### Required work:
Once the pictures are set aside, reproduce the entries below exactly.

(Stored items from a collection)
........
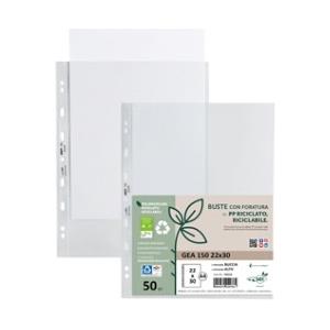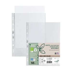 Sei Rota Buste forate Gea 150 - PP riciclato trasparente 22x30 cm - alto spessore - confezione da 50 pezzi
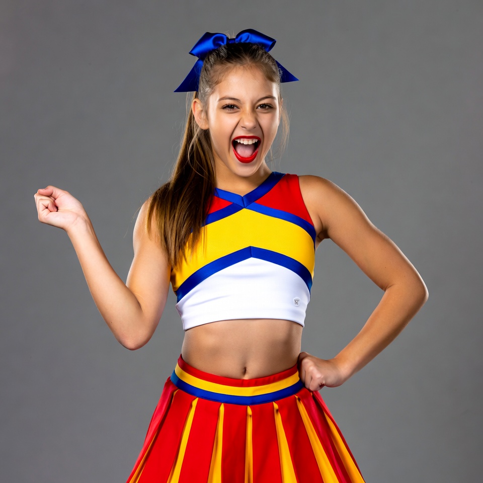 A young girl with long brown hair tied in a blue bow wears a red, yellow, blue, and white cheerleader uniform. She stands on a gray background with her mouth open wide in excitement, one hand raised in a fist and the other on her hip. Her short pleated skirt flares out as she poses energetically.
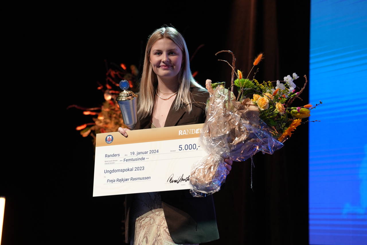 Også ungdomstræneren hos Swimteam Neptun, Freja Røjkjær Rasmussen, kunne glæde sig over at modtage hæder. Hun er et stort trænertalent på 19 år, der startede som hjælpeinstruktør i 2017 - kun 12 år gammel. Frejas begejstring for vand, og hendes altid imødekommende sind bragte hende niveauet videre til rollen som instruktør. I dag leder hun flere svømmeskolehold. Den indsats blev belønnet med Ungdomspokalen, der uddeles af SIKR -Samvirkende Idrætsklubber i Randers. Prisen belønner en ung træner eller leder i alderen 16 - 23 år, der gennem særlig høj kvalitet i trænergerningen har kunne tiltrække og fastholde ungdomsidrætsudøvere for sin klub. Med Ungdomspokalen følger også en check på 5000 kroner.
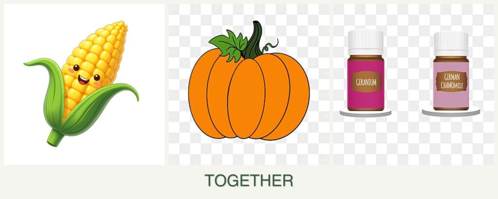 - Pest Control: Geraniums can repel common pests like cabbage worms and Japanese beetles, which can benefit both corn and pumpkin.
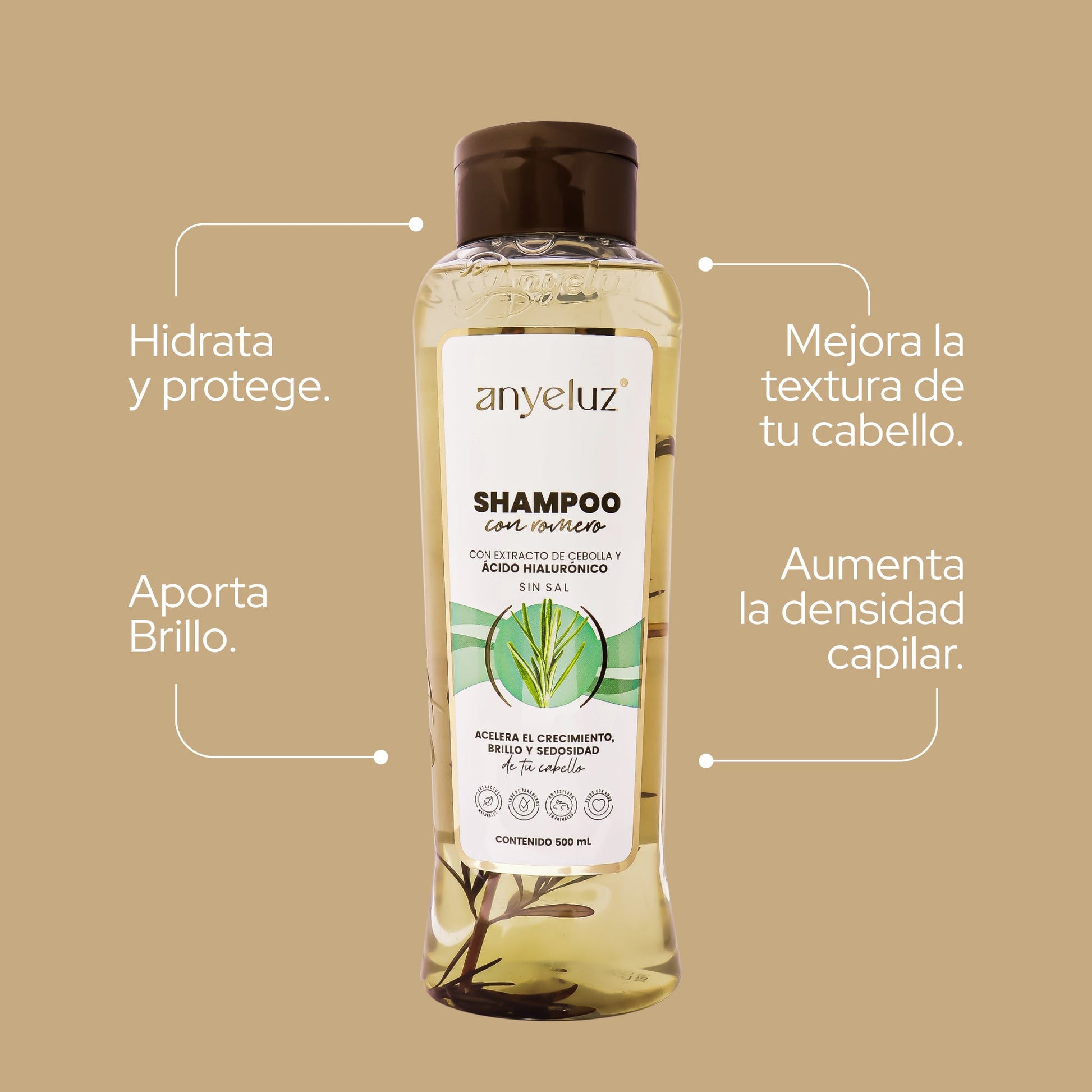 *Envío gratis en compras mayores a $100,000. Para compras menores, el envío se realiza con pago contra entrega.* Shampoo con romero Anyeluz Formulado con extracto de cebolla, ácido hialurónico y romero, ayuda a estimular el crecimiento del cabello, aportando brillo, sedosidad e hidratación. Ideal para fortalecer la fibra capilar y lograr un cabello más sano, fuerte y luminoso. ✨
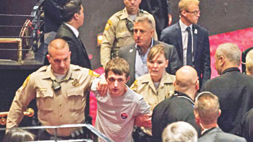 Video of his arrest carried by US media show a skinny man with short brown hair and a grey T-shirt being quickly escorted out of the rally by police officers with his hands behind his back.
........
### Response to this exercise:
 Sei Rota Buste forate Gea 150 - PP riciclato trasparente 22x30 cm - alto spessore - confezione da 50 pezzi
 A young girl with long brown hair tied in a blue bow wears a red, yellow, blue, and white cheerleader uniform. She stands on a gray background with her mouth open wide in excitement, one hand raised in a fist and the other on her hip. Her short pleated skirt flares out as she poses energetically.
 Også ungdomstræneren hos Swimteam Neptun, Freja Røjkjær Rasmussen, kunne glæde sig over at modtage hæder. Hun er et stort trænertalent på 19 år, der startede som hjælpeinstruktør i 2017 - kun 12 år gammel. Frejas begejstring for vand, og hendes altid imødekommende sind bragte hende niveauet videre til rollen som instruktør. I dag leder hun flere svømmeskolehold. Den indsats blev belønnet med Ungdomspokalen, der uddeles af SIKR -Samvirkende Idrætsklubber i Randers. Prisen belønner en ung træner eller leder i alderen 16 - 23 år, der gennem særlig høj kvalitet i trænergerningen har kunne tiltrække og fastholde ungdomsidrætsudøvere for sin klub. Med Ungdomspokalen følger også en check på 5000 kroner.
 - Pest Control: Geraniums can repel common pests like cabbage worms and Japanese beetles, which can benefit both corn and pumpkin.
 *Envío gratis en compras mayores a $100,000. Para compras menores, el envío se realiza con pago contra entrega.* Shampoo con romero Anyeluz Formulado con extracto de cebolla, ácido hialurónico y romero, ayuda a estimular el crecimiento del cabello, aportando brillo, sedosidad e hidratación. Ideal para fortalecer la fibra capilar y lograr un cabello más sano, fuerte y luminoso. ✨
 Video of his arrest carried by US media show a skinny man with short brown hair and a grey T-shirt being quickly escorted out of the rally by police officers with his hands behind his back.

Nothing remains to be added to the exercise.